» **Supplied entries**
= = = =

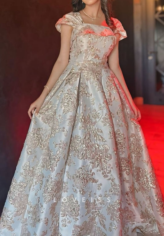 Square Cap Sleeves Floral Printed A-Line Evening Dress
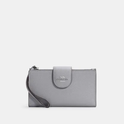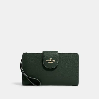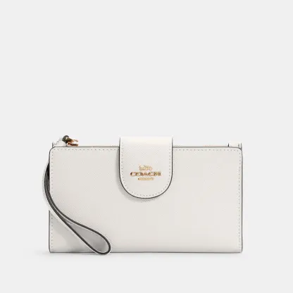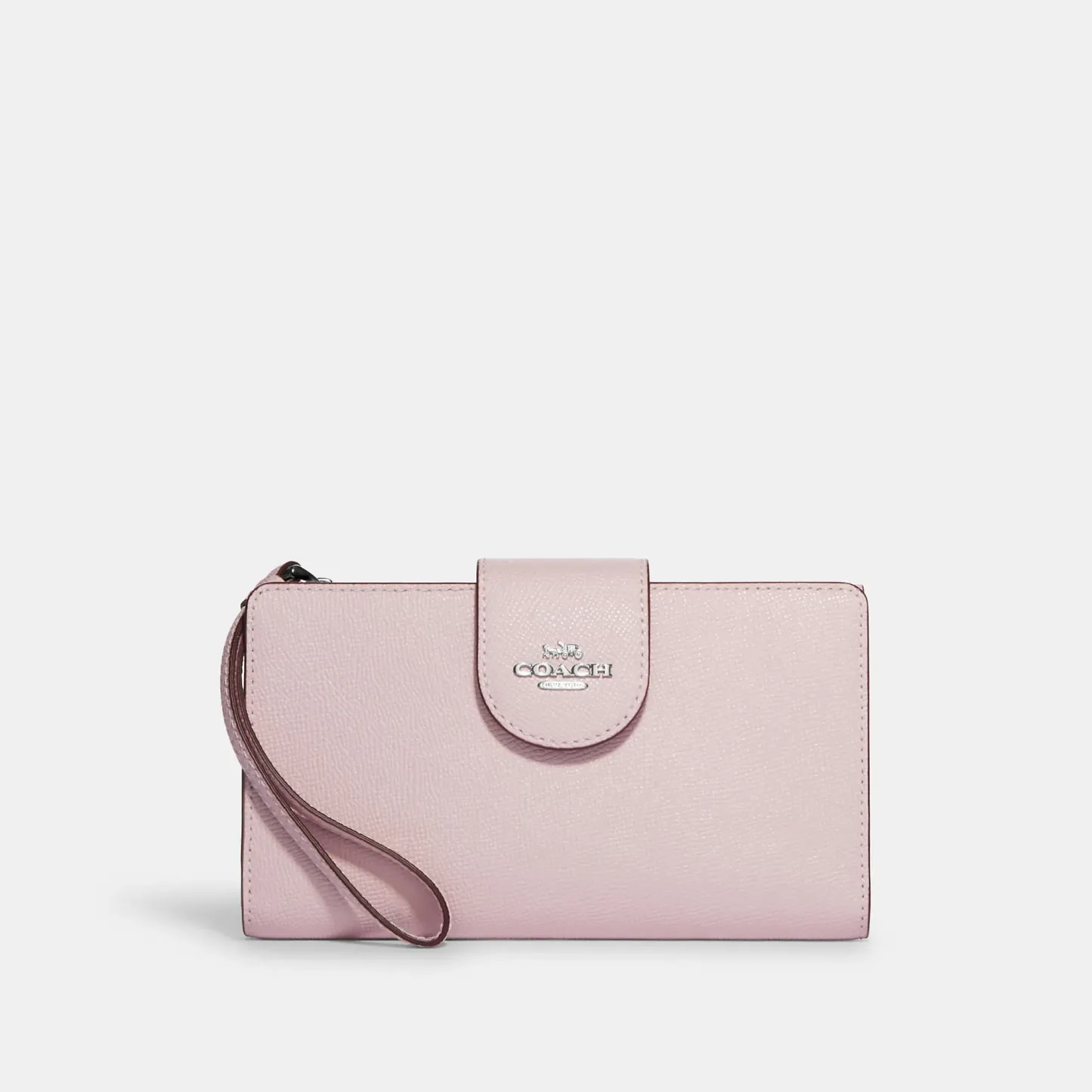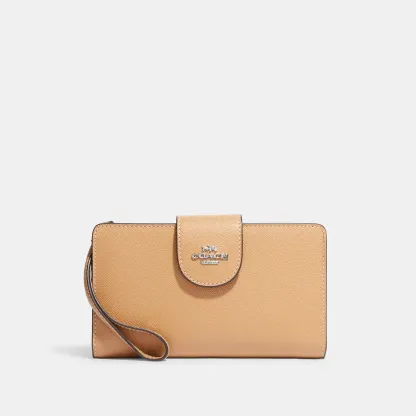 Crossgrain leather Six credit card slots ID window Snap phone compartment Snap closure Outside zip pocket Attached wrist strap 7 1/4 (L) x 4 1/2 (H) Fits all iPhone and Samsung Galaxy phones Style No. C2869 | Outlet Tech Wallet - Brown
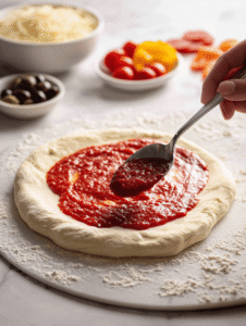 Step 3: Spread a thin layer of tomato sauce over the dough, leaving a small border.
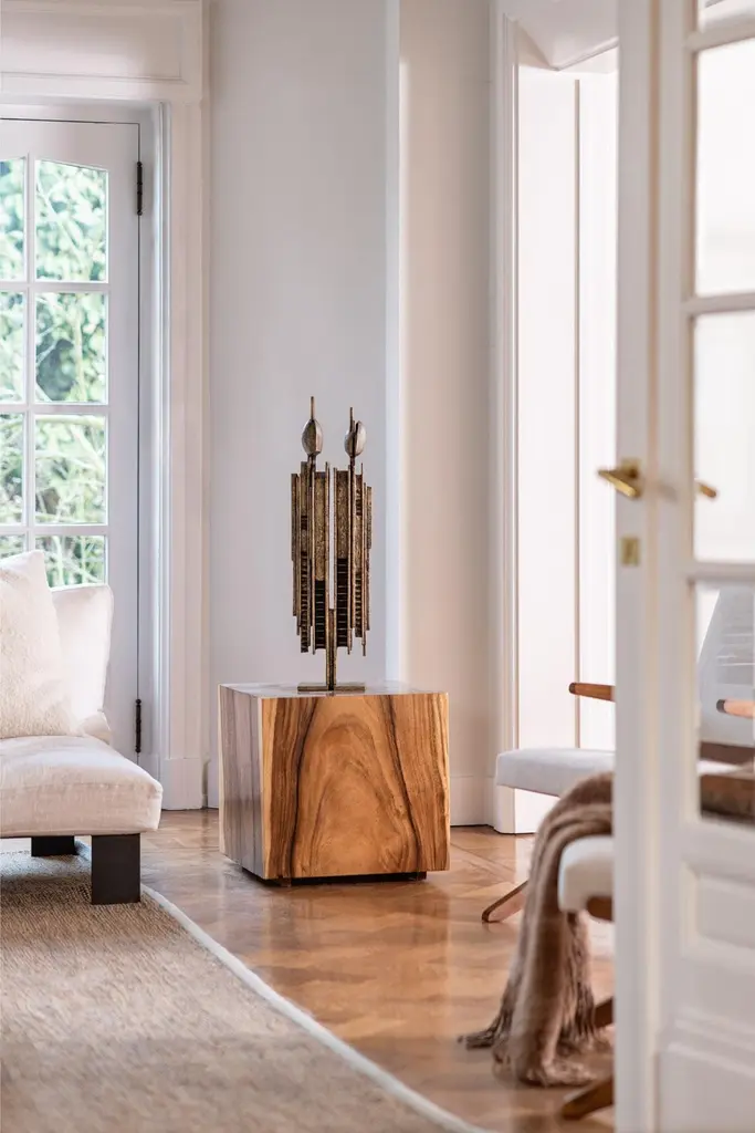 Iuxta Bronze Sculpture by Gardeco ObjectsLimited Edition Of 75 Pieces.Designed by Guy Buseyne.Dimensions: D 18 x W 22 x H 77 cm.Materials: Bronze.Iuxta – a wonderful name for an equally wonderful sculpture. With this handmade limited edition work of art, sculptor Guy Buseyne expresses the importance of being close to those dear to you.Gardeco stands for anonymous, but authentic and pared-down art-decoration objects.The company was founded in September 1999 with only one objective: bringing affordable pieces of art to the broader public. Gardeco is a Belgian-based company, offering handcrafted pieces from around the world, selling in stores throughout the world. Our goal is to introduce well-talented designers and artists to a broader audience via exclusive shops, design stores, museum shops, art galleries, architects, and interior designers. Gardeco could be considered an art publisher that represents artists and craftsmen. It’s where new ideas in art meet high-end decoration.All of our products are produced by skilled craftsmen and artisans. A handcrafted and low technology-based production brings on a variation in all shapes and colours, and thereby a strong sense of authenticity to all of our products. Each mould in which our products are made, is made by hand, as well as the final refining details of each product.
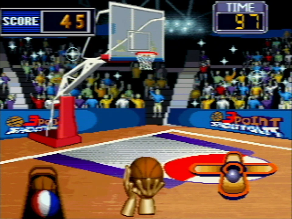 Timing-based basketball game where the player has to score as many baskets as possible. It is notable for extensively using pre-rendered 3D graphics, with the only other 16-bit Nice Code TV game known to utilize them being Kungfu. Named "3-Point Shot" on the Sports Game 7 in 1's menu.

= = = =

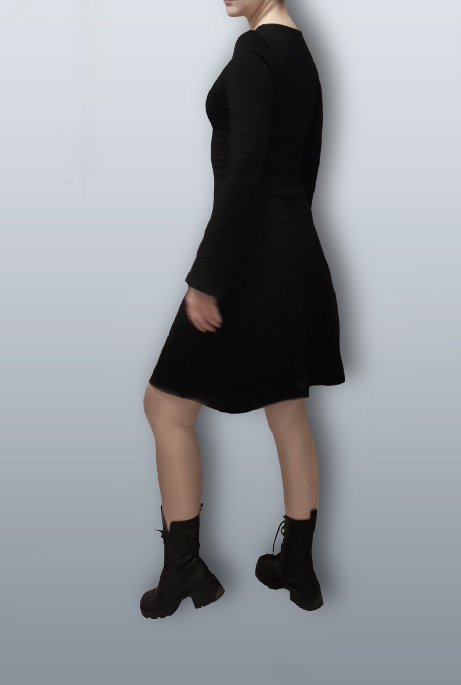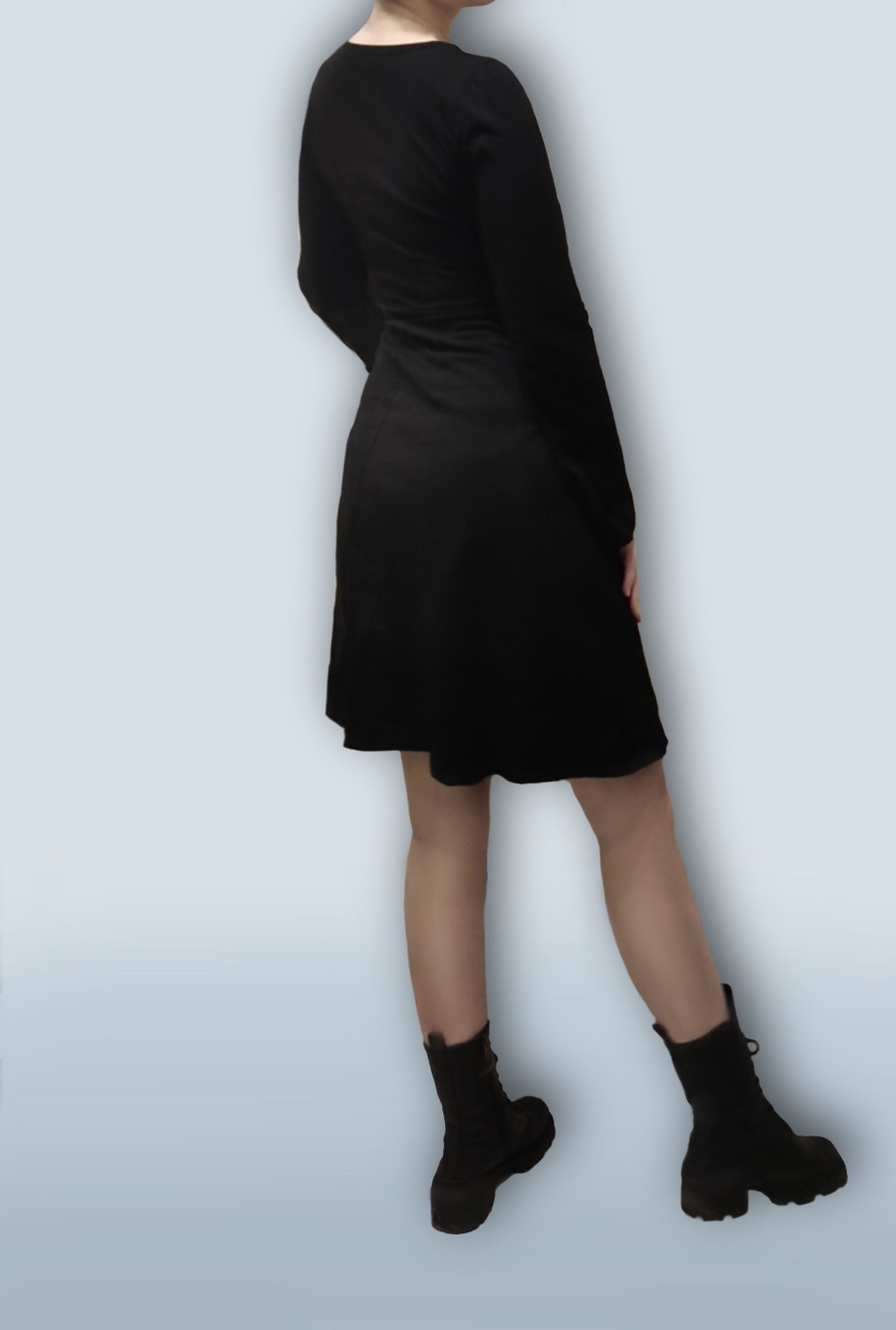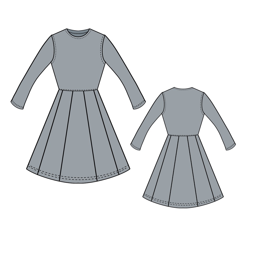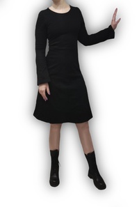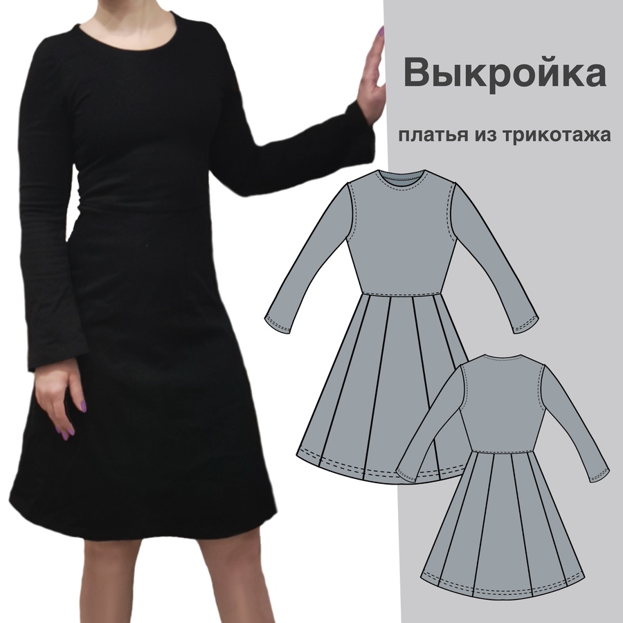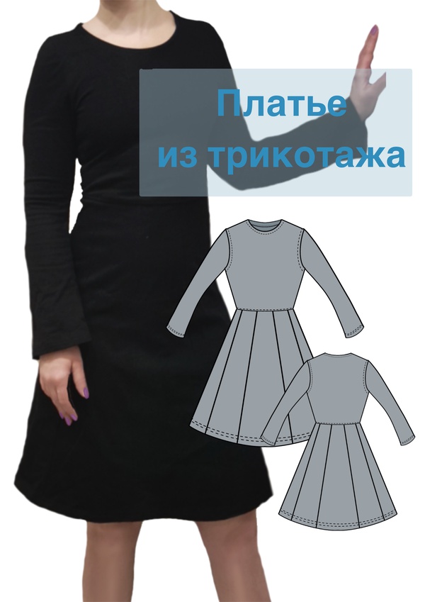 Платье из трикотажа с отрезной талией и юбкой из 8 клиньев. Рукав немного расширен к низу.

= = = =

» **Problem description**
Reproduce the lines above beginning at the line that contains "Iuxta Bronze Sculpture" and ending at the line that contains "Timing-based basketball game". No pictures.

» **Solution to this problem**
 Iuxta Bronze Sculpture by Gardeco ObjectsLimited Edition Of 75 Pieces.Designed by Guy Buseyne.Dimensions: D 18 x W 22 x H 77 cm.Materials: Bronze.Iuxta – a wonderful name for an equally wonderful sculpture. With this handmade limited edition work of art, sculptor Guy Buseyne expresses the importance of being close to those dear to you.Gardeco stands for anonymous, but authentic and pared-down art-decoration objects.The company was founded in September 1999 with only one objective: bringing affordable pieces of art to the broader public. Gardeco is a Belgian-based company, offering handcrafted pieces from around the world, selling in stores throughout the world. Our goal is to introduce well-talented designers and artists to a broader audience via exclusive shops, design stores, museum shops, art galleries, architects, and interior designers. Gardeco could be considered an art publisher that represents artists and craftsmen. It’s where new ideas in art meet high-end decoration.All of our products are produced by skilled craftsmen and artisans. A handcrafted and low technology-based production brings on a variation in all shapes and colours, and thereby a strong sense of authenticity to all of our products. Each mould in which our products are made, is made by hand, as well as the final refining details of each product.
 Timing-based basketball game where the player has to score as many baskets as possible. It is notable for extensively using pre-rendered 3D graphics, with the only other 16-bit Nice Code TV game known to utilize them being Kungfu. Named "3-Point Shot" on the Sports Game 7 in 1's menu.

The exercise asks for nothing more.